Species of flowering plant

Erythronium revolutum is a species of flowering plant in the family Liliaceae which is known by several common names, including mahogany fawn lily, coast fawn lily, and pink fawn lily. It is native to the west coast of North America.

==Description==
Erythronium revolutum, a hardy perennial wildflower, grows from an oval-shaped bulb 3–5 cm long, producing usually two wide, flat, mottled green leaves near the ground. It is indigenous to Northwest Washington.

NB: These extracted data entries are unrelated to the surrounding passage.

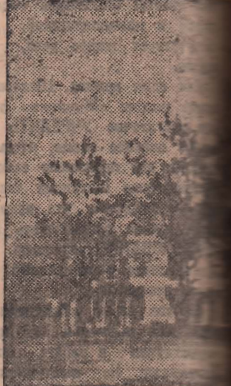
До революции в первых двухклассных школах обучалось свыше 20 семилетних детей, в которых обучаются тысячи детей. НА СНИМКЕ—одна из них.

Кругом водворилась тишина, и попрежнему все было неподвижно, утрало, безнадежно.
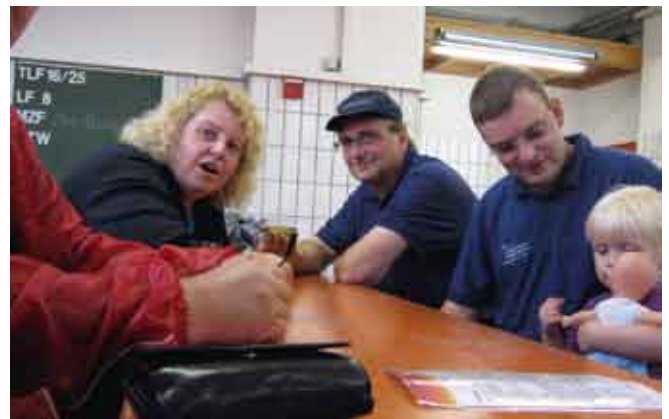
Picknick FF Eisenbach
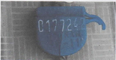
SUPREMA VISTORIA LTDA - ME DATA: 08/06/2017 HORA: 11:35:35
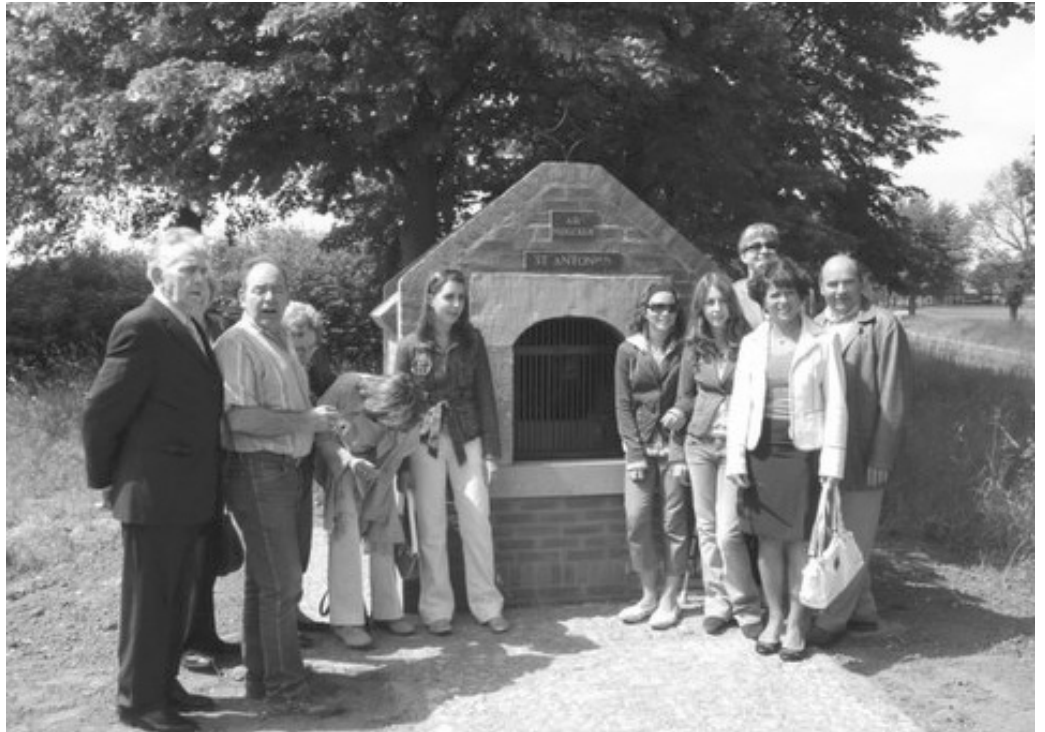
De familie Corstjens, eigenaar van de kapel, poseert trots bij het nieuwe bouwsel.

De kapel was een rijksmonument, dus dat betekende extra tijdsbeslag, omdat de Rijksdienst voor de Monumentenzorg bij de herbouw diende te worden betrokken. Daarnaast moest door de verzekeringsmaatschappij de veroorzaker van al het leed in Duitsland worden opgespoord.
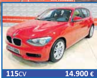
115CV 14.900 € BMW 116D EDITION
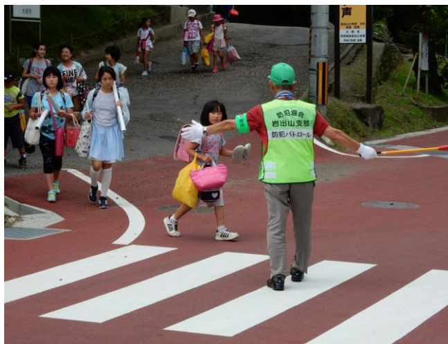
登下校時の見守り活動
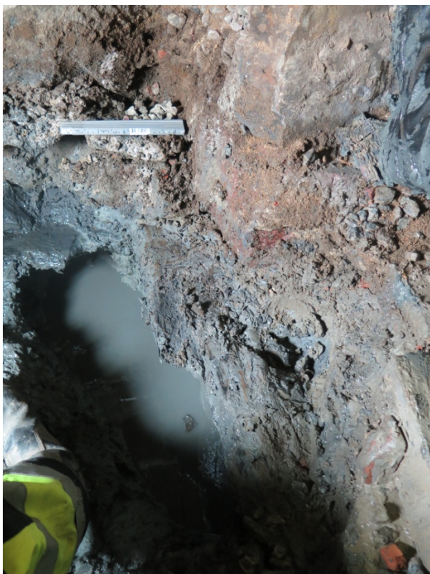
Fig. 7. Rester av rustbädd ses direkt till höger om vattensamlingen på bilden. I övre vänstra delen av bilden ses en träplanka. Hållrummet har framför allt varit fyllt med sten.
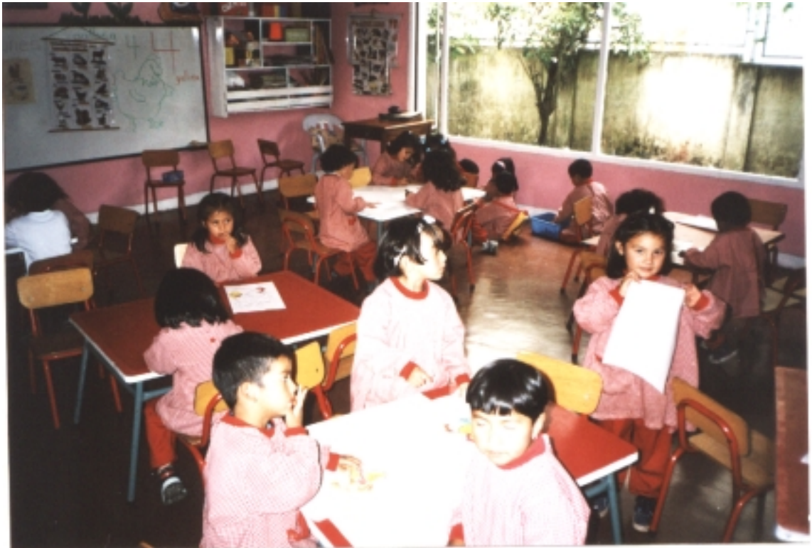
Figura 3. Visión.

El Hogar Infantil liderará procesos de desarrollo humano, para formar personas reflexivas, sensibles e inteligentes desde sus primeros años de vida, brindando oportunidades para el fortalecimiento de la unidad familiar, la solidaridad y el progreso de la comunidad en general.
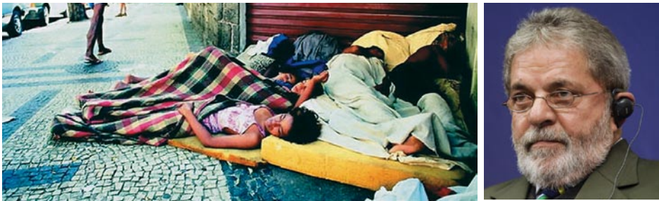
El Presidente de Brasil Lula da Silva (derecha) ha sido un juguete de los brujos británicos, durante sus siete años en el cargo. Bajo su influjo, Brasil ha pagado la asombrosa cantidad de $870,000 millones de dólares en intereses sobre el acarreo de fondos, y ha hundido a los brasileños en la miseria económica, como se ve en esta foto de niños de la calle sin hogar.
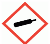
Paineen alaiset kaasut
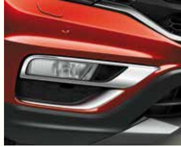
Накладка на протитуманні фари
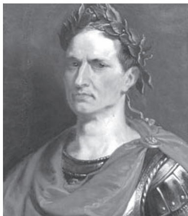
Гай Юлий Цезарь

Военное искусство Цезаря включало быстрое оперативное реагирование, смену решений (и в Испании, и в Галлии, и в Британии, и в Египте). Человек с психическими расстройствами на такие быстрые перемены не способен. Кроме того отметим, еще два эпилептика без психических нарушений были великими полководцами: Наполеон Бонапарт и Александр Македонский.
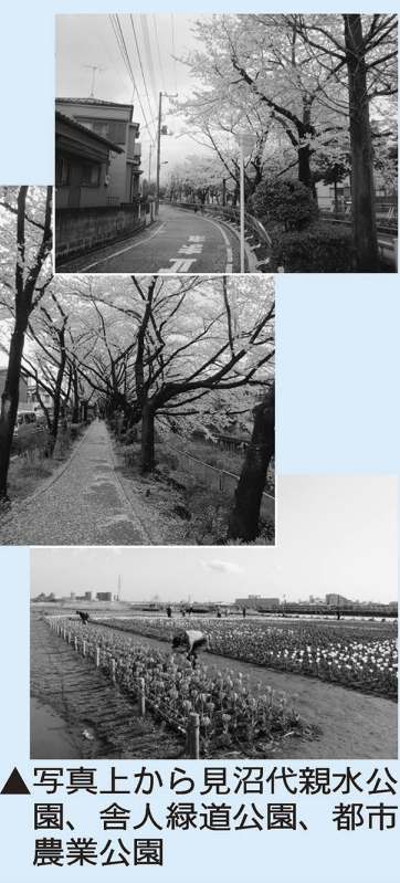
▲写真上から見沼代親水公園、舎人緑道公園、都市農業公園
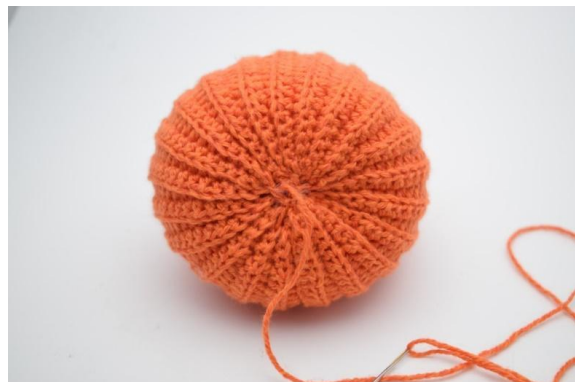
20. Comme ceci.
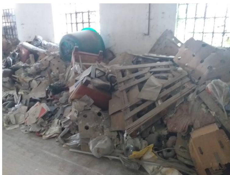
Macerie e rifiuti oggetto di intervento
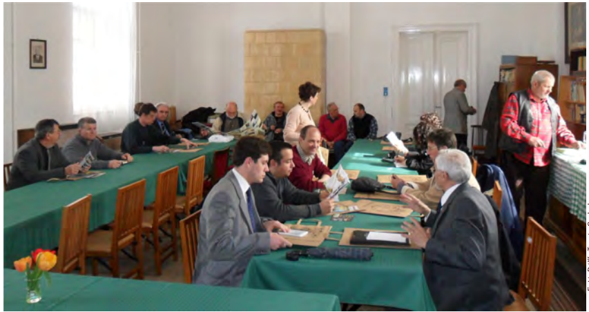
Részvevők az Unitárius Lelkészek Országos Szövetségének hódmezővásárhelyi munkaértekezletén.

The plant flowers between March and June. Each bulb sends up a long, naked stalk bearing one or two showy lily flowers. The stalk bows at the end so that the face of the flower points at the ground. There are six tepals in shades of pink or light purple which may have yellow or white spotting toward the center of the flower. The tepals may be straight or recurved so far that their tips meet behind the flower; they tend to recurve further as the flower ages. The anthers are bright yellow.

Erythronium revolutum can be distinguished from related species by its pink flowers, swollen anther filaments and mottled leaves.

The fruit is a capsule up to 6 cm long.

==Distribution and habitat==
Erythronium revolutum is native to western North America, from coastal Northern California to British Columbia, including Vancouver Island. It grows in wet areas in forests and along stream banks.

==Ecology==
Erythronium revolutum is most abundant within 100 mi of the coast, at altitudes of less than 1000 m. The plant is found in moist places such as streambanks, bogs, and wet redwood and mixed evergreen forest understory. It is slow-growing, taking 5–7 years to form a flowering size bulb, and therefore is slow to establish in new locations.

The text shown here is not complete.